BEGIN Data segment

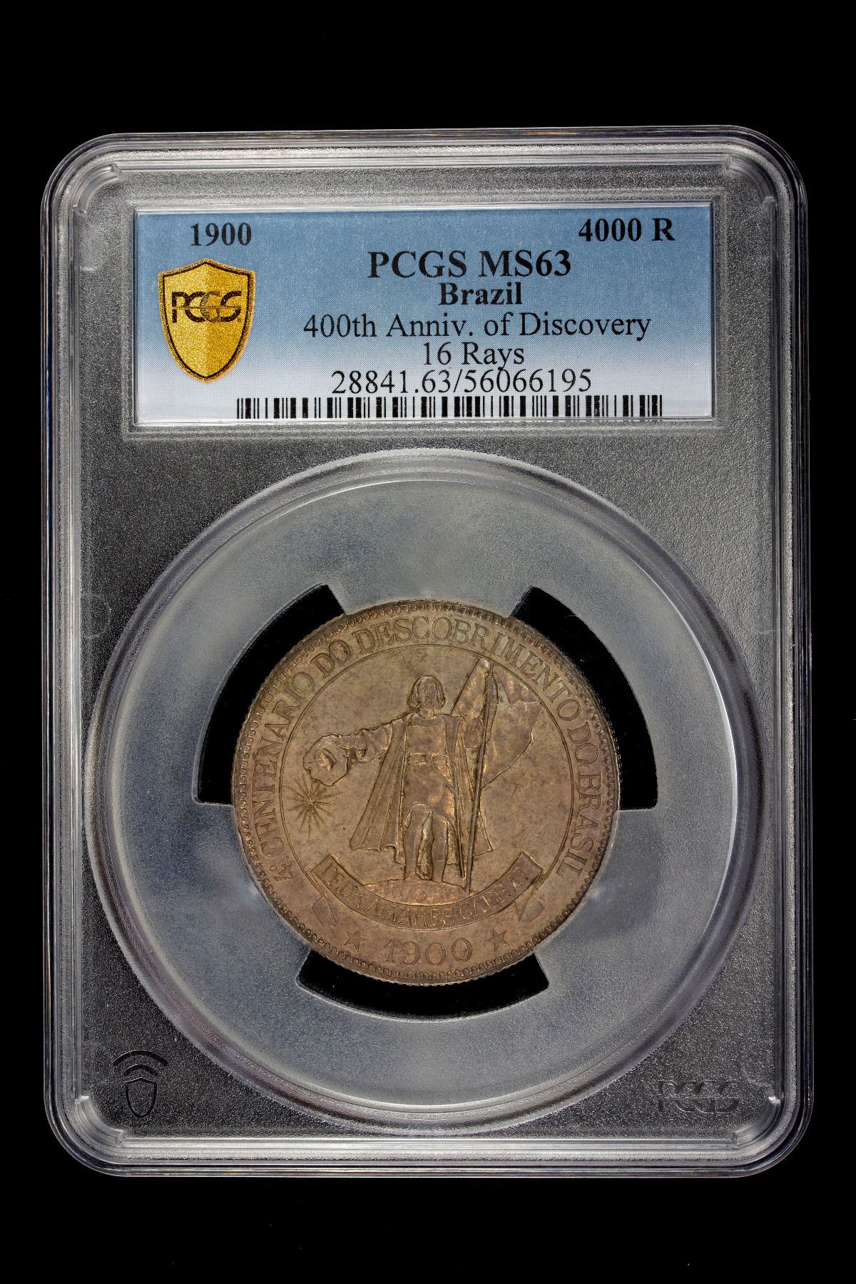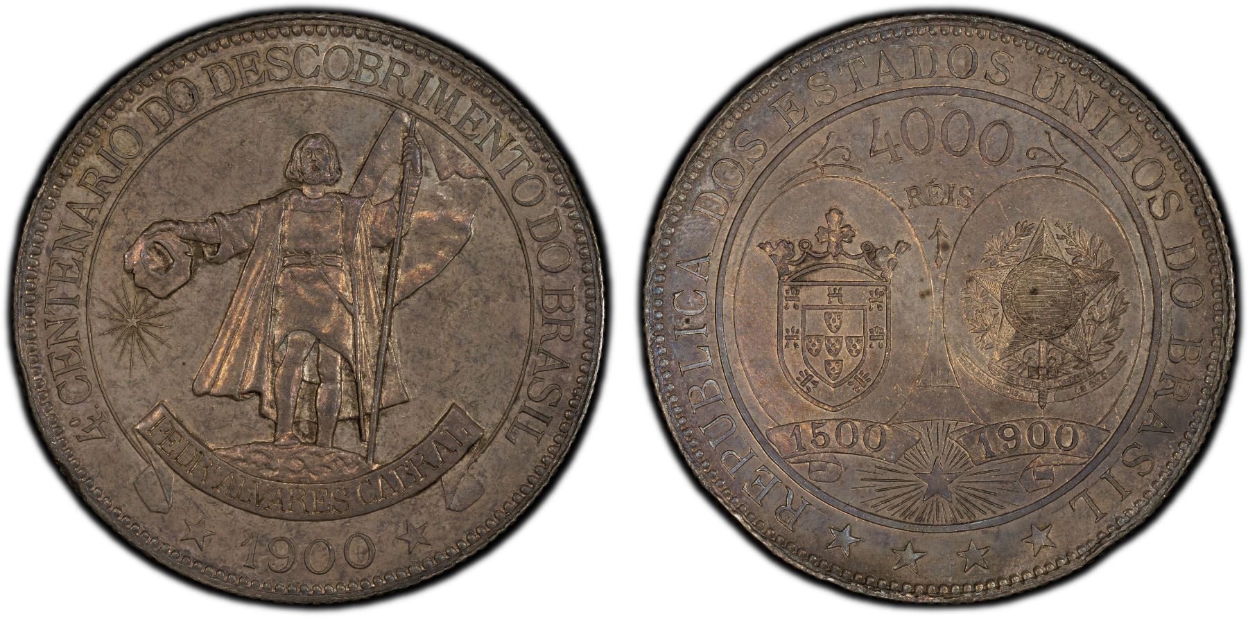BRAZIL: Republic, AR 4000 reis, 1900, KM-502.1, 400th Anniversary of the Discovery of Brazil, star with 16 rays variety, a lovely toned mint state example! PCGS graded MS63.
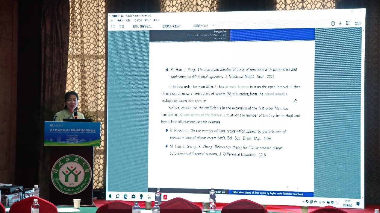 浙江师范大学的刘姗姗,做了题目为《极限环分支的高阶Melnikov函数方法》的报告。
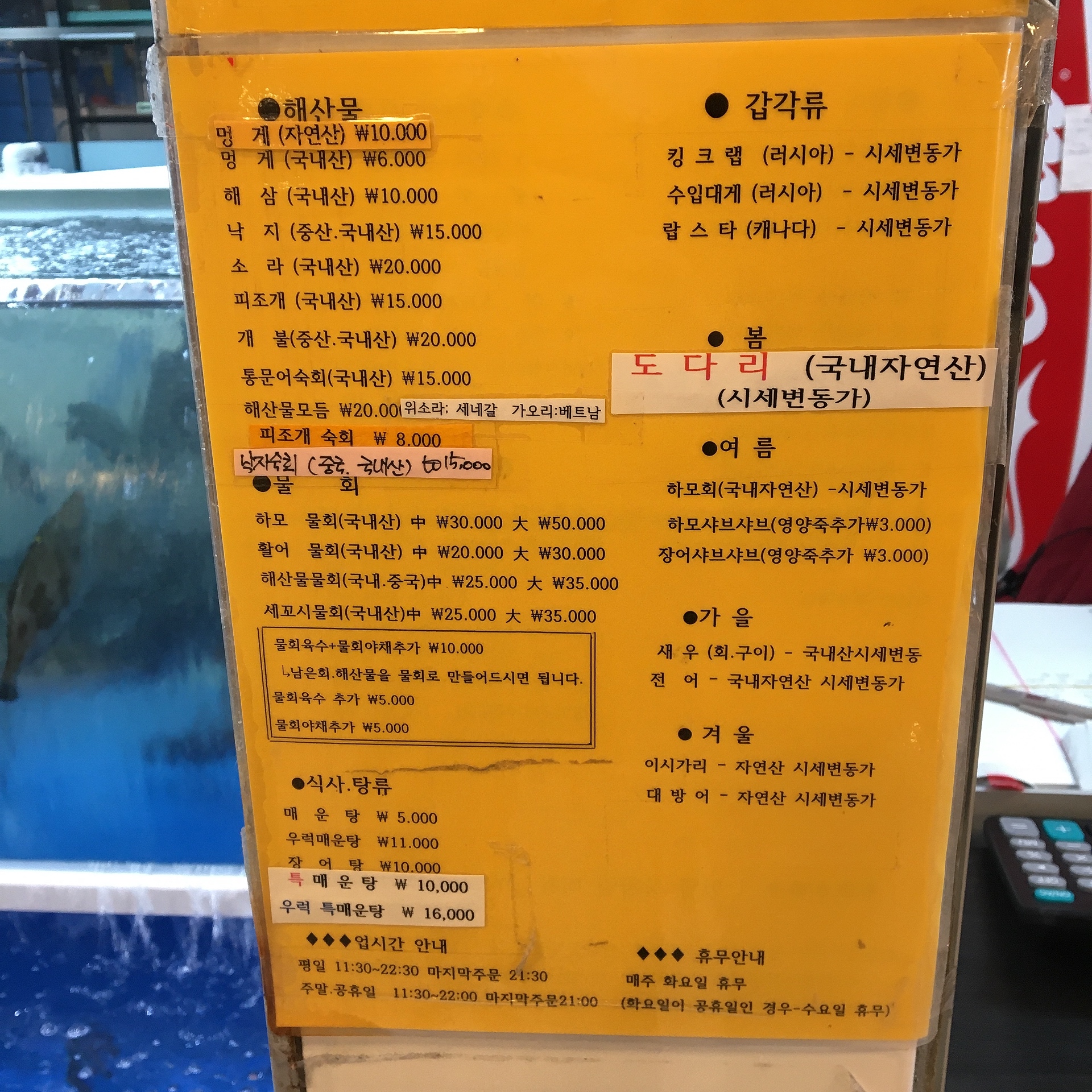 들어가시면 당황하지 마시고 벽면에 붙어있는 메뉴판과 팔딱팔딱 뛰는 해산물들을 보시고 마음속으로 메뉴를 정하시고, 카운터에서 주문을 하신 후 2층으로 올라가시면 됩니다.
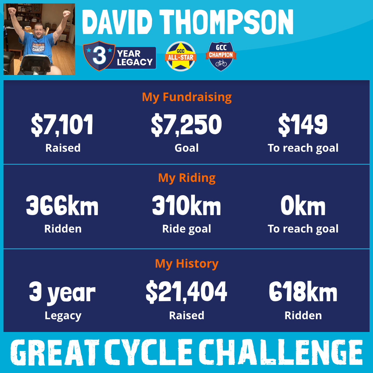 WOW - What a difference a year can make! This time 12 months ago I was wondering if I would live to see the 2025 Great Cycle Challenge and then a miracle happened and I was given the gift of life. On September 17, 2024 I received a liver donation from a stranger who had sadly passed away and today I am now cancer free and getting on with life! To have a second chance at life is amazing and I'm not going to waste it!

END Data segment

● **Exercise**: Please transcribe exactly the lines from the one containing "들어가시면 당황하지 마시고" through the final line of the data, including both, and nothing else. Pictures are to be left out.

● **Problem solution**:
 들어가시면 당황하지 마시고 벽면에 붙어있는 메뉴판과 팔딱팔딱 뛰는 해산물들을 보시고 마음속으로 메뉴를 정하시고, 카운터에서 주문을 하신 후 2층으로 올라가시면 됩니다.
 WOW - What a difference a year can make! This time 12 months ago I was wondering if I would live to see the 2025 Great Cycle Challenge and then a miracle happened and I was given the gift of life. On September 17, 2024 I received a liver donation from a stranger who had sadly passed away and today I am now cancer free and getting on with life! To have a second chance at life is amazing and I'm not going to waste it!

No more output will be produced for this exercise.